To avoid doing this, one can write a function that builds the formulae:

create_form = function(power){
  rhs = substitute(I(hp^pow), list(pow=power))
  rlang::new_formula(quote(mpg), rhs)
}

If you are not familiar with substitute(), try the following to understand what it does:

substitute(y ~ x, list(x = 1))
## y ~ 1

Then using rlang::new_formula() I build a formula by providing the left hand side, which is quote(mpg) here, and the right hand side, which I built using substitute(). Now I can create a list of formulae:

library(tidyverse)

list_formulae = map(seq(1, 6), create_form)

str(list_formulae)
## List of 6
##  $ :Class 'formula'  language mpg ~ I(hp^1L)
##   .. ..- attr(*, ".Environment")=<environment: 0x561228f1b310> 
##  $ :Class 'formula'  language mpg ~ I(hp^2L)
##   .. ..- attr(*, ".Environment")=<environment: 0x561228f34198> 
##  $ :Class 'formula'  language mpg ~ I(hp^3L)
##   .. ..- attr(*, ".Environment")=<environment: 0x561228e0efc0> 
##  $ :Class 'formula'  language mpg ~ I(hp^4L)
##   .. ..- attr(*, ".Environment")=<environment: 0x561228e0d088> 
##  $ :Class 'formula'  language mpg ~ I(hp^5L)
##   .. ..- attr(*, ".Environment")=<environment: 0x561228e0b5b0> 
##  $ :Class 'formula'  language mpg ~ I(hp^6L)
##   .. ..- attr(*, ".Environment")=<environment: 0x561228e07c98>

As you can see, power got replaced by 1, 2, 3,… and each element of the list is a nice formula. Exactly what lm() needs.
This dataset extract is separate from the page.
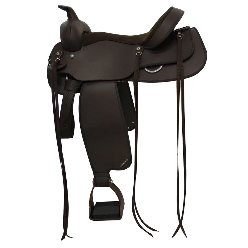 Made of Duraleather, this synthetic saddle features a softer, closer contact seat padded with memory foam, comfort ride saddle tree, cut out fenders with EZ fold feature, wide trail stirrups, longer saddle tie strings and square skirt.
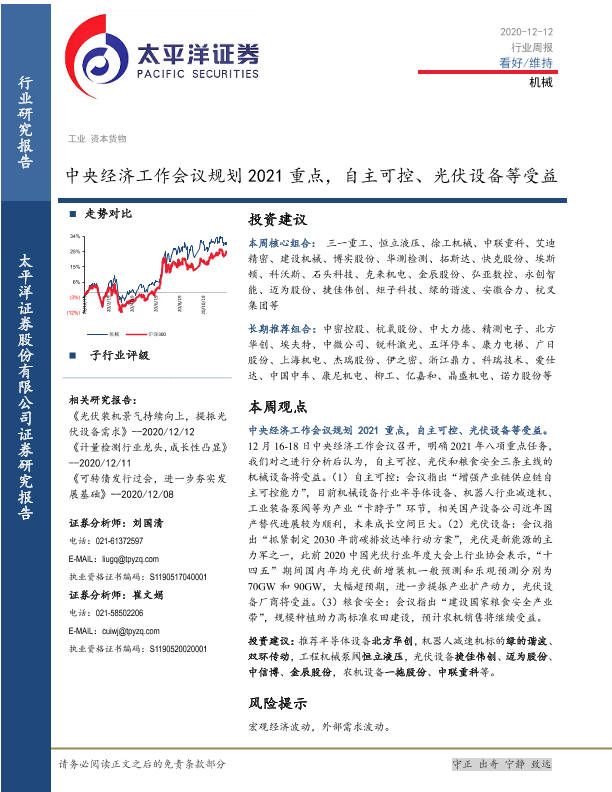 【太平洋证券】【20201221】机械行业周报:中央经济工作会议规划2021重点,自主可控、光伏设备等受益-12页

So now it’s easy to map lm() to this list of formulae:

data(mtcars)

map(list_formulae, lm, data = mtcars)
## [[1]]
## 
## Call:
## .f(formula = .x[[i]], data = ..1)
## 
## Coefficients:
## (Intercept)      I(hp^1)  
##    30.09886     -0.06823  
## 
## 
## [[2]]
## 
## Call:
## .f(formula = .x[[i]], data = ..1)
## 
## Coefficients:
## (Intercept)      I(hp^2)  
##  24.3887252   -0.0001649  
## 
## 
## [[3]]
## 
## Call:
## .f(formula = .x[[i]], data = ..1)
## 
## Coefficients:
## (Intercept)      I(hp^3)  
##   2.242e+01   -4.312e-07  
## 
## 
## [[4]]
## 
## Call:
## .f(formula = .x[[i]], data = ..1)
## 
## Coefficients:
## (Intercept)      I(hp^4)  
##   2.147e+01   -1.106e-09  
## 
## 
## [[5]]
## 
## Call:
## .f(formula = .x[[i]], data = ..1)
## 
## Coefficients:
## (Intercept)      I(hp^5)  
##   2.098e+01   -2.801e-12  
## 
## 
## [[6]]
## 
## Call:
## .f(formula = .x[[i]], data = ..1)
## 
## Coefficients:
## (Intercept)      I(hp^6)  
##   2.070e+01   -7.139e-15

This is still a new topic for me there might be more elegant ways to do that, using tidyeval to remove the hardcoding of the columns in create_form(). I might continue exploring this.